Yes. Via Napoli Pizzeria offers group dining and private functions at both the Surry Hills and Lane Cove restaurants, with set menus available for larger bookings. Via Napoli also provides wood-fired Neapolitan pizza catering for events across Sydney — from office lunches and corporate functions to weddings and private parties — catering for groups from 20 to 700 or more guests, with delivery, pickup, and live on-site cooking available.
Via Napoli Pizzeria
Via Napoli is Sydney's home of authentic Neapolitan pizza, founded by Naples-born pizzaiolo Luigi Esposito. Luigi grew up in Naples helping his grandmother sell pizza fritta on the streets before training in professional kitchens and mastering the craft of traditional Neapolitan pizza-making. He brought those traditions to Sydney when he opened Via Napoli in Lane Cove in 2011 — introducing the city to properly wood-fired Neapolitan pizza: long-fermented dough, premium Italian ingredients, and high-temperature ovens that produce the soft, airy, charred crust that defines the real thing.

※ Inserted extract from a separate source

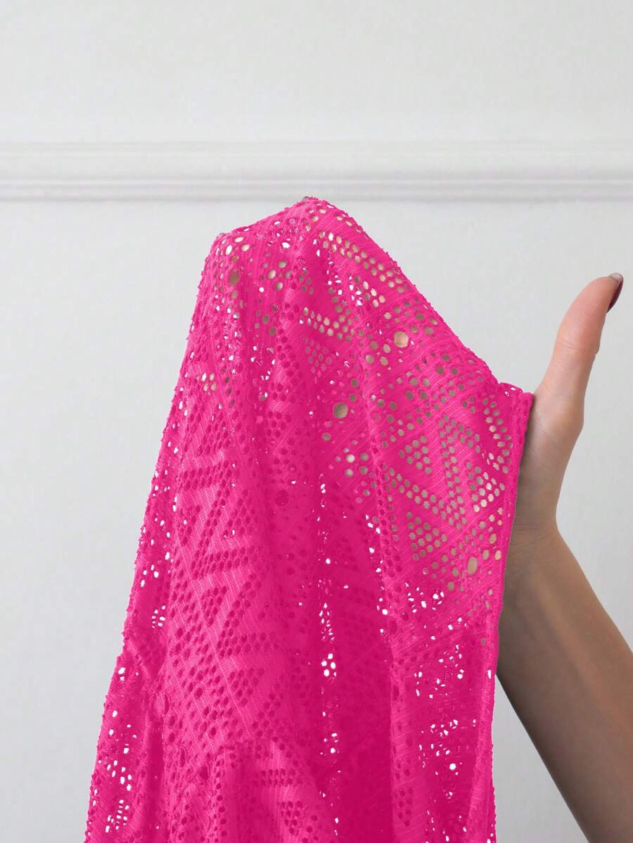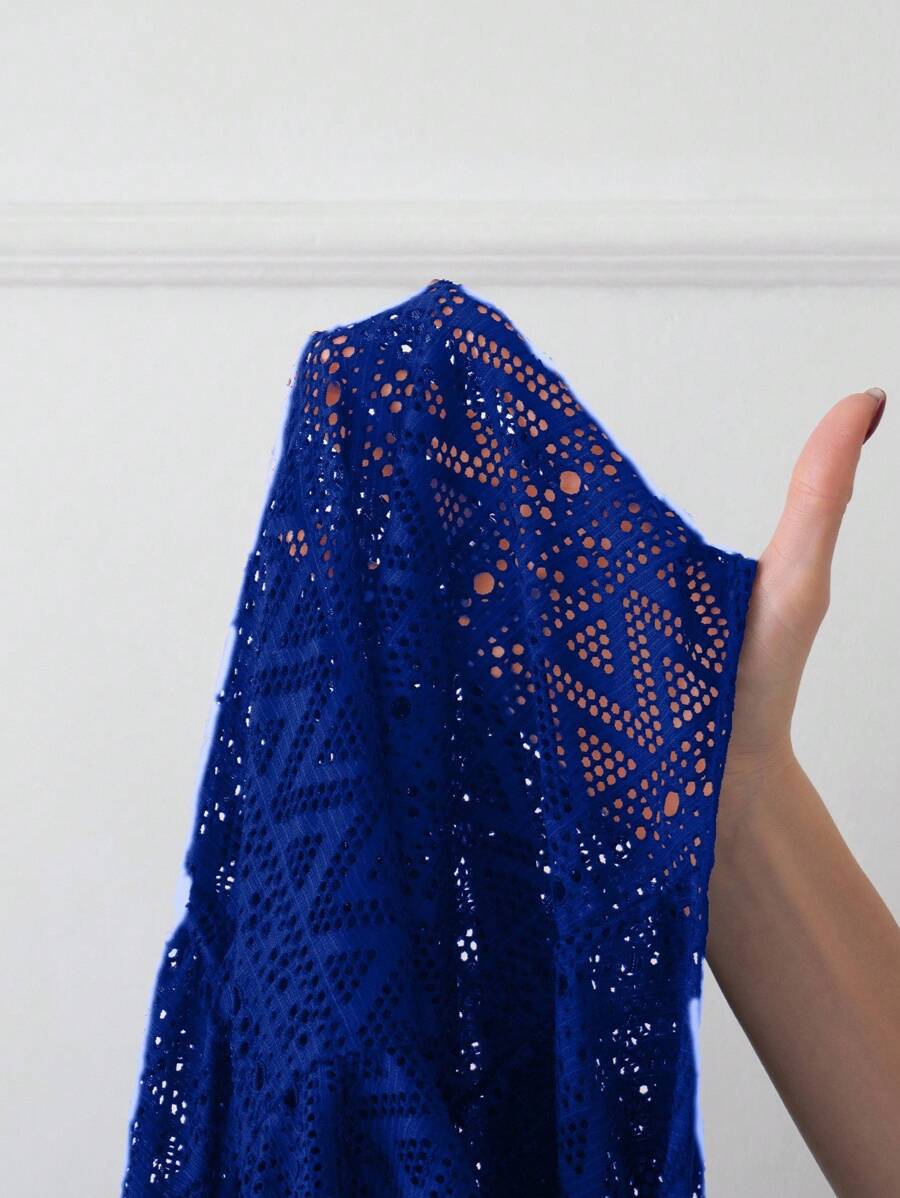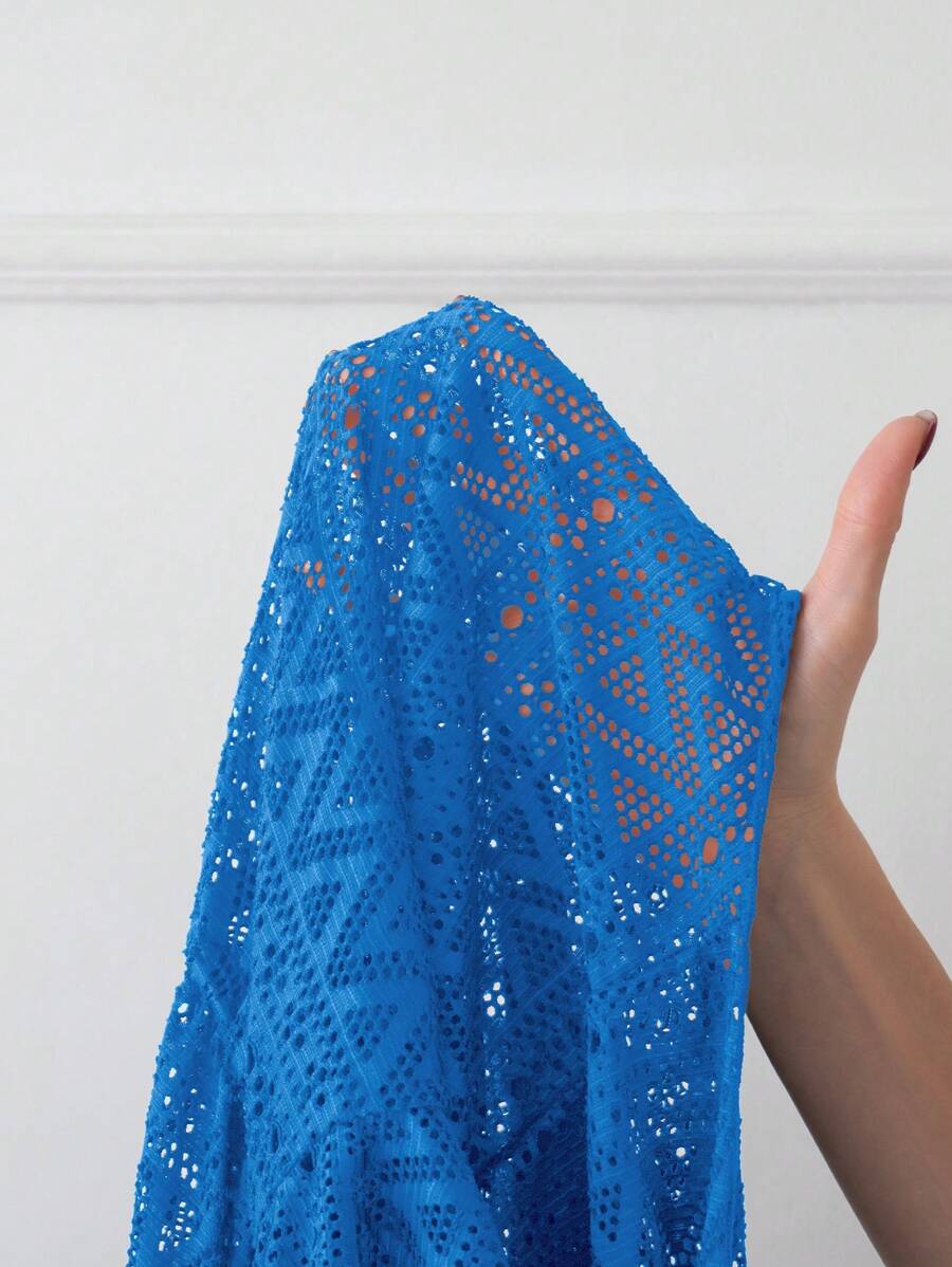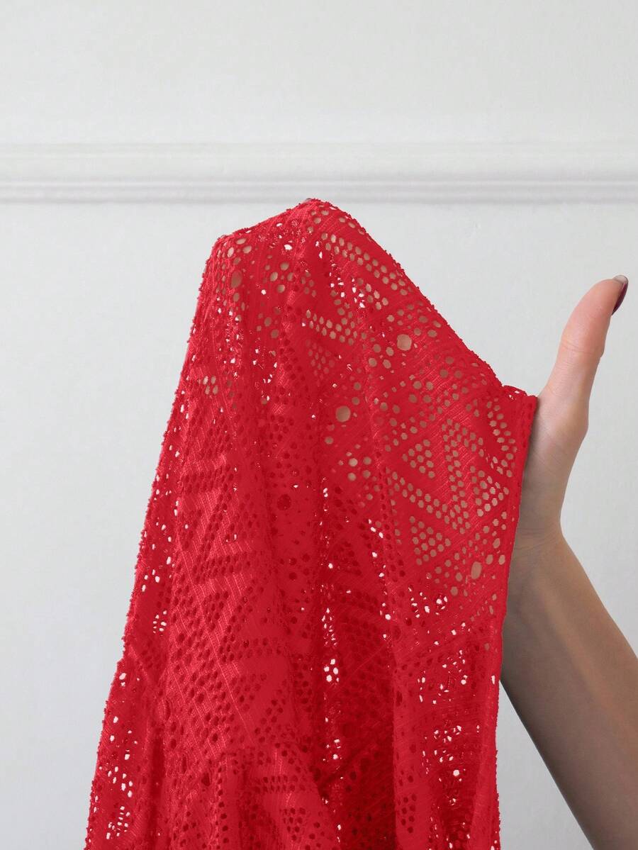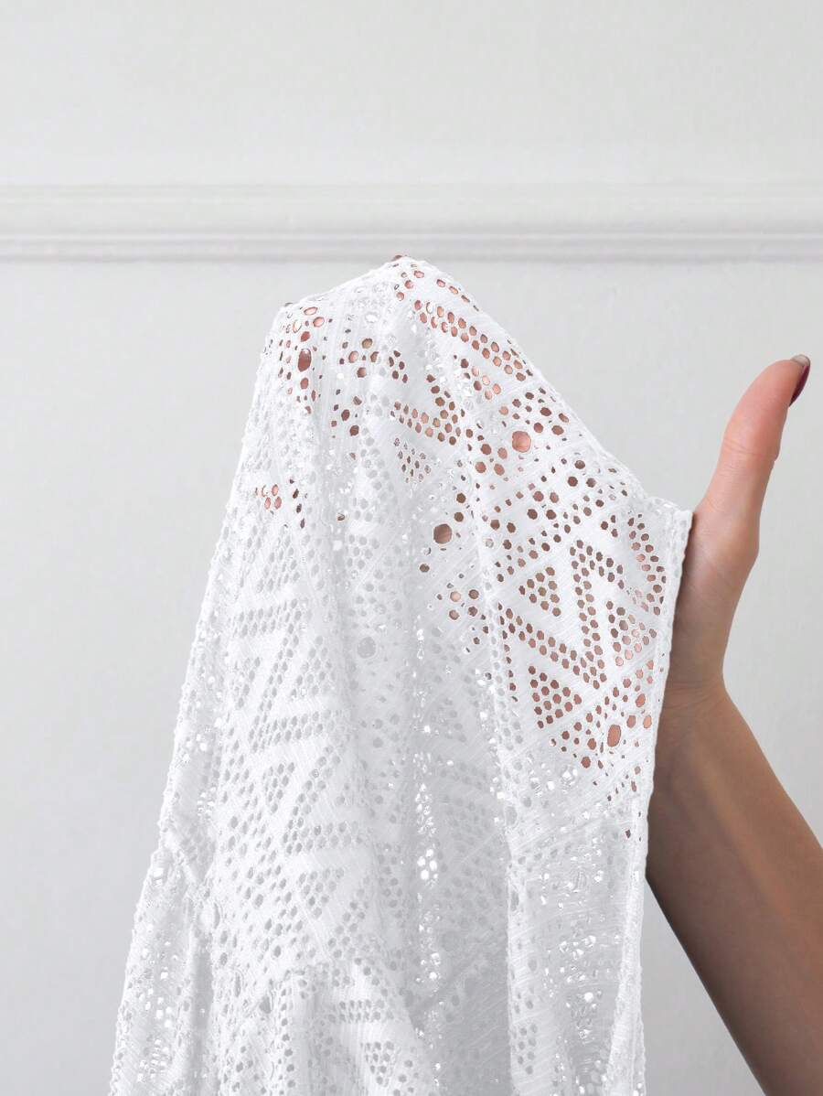 Vestido de playa para mujer con escote en v, manga corta, cintura calada y lazo

Now with two locations in Surry Hills and Lane Cove, Via Napoli is one of Sydney's most-searched Italian restaurants and a Gambero Rosso Top Italian Restaurants 2026 recipient. This blog draws on over a decade of hands-on experience with Neapolitan pizza to cover the craft and culture behind what we do — from dough fermentation and regional pizza traditions to menu guides, dining occasions and the people who make it all happen.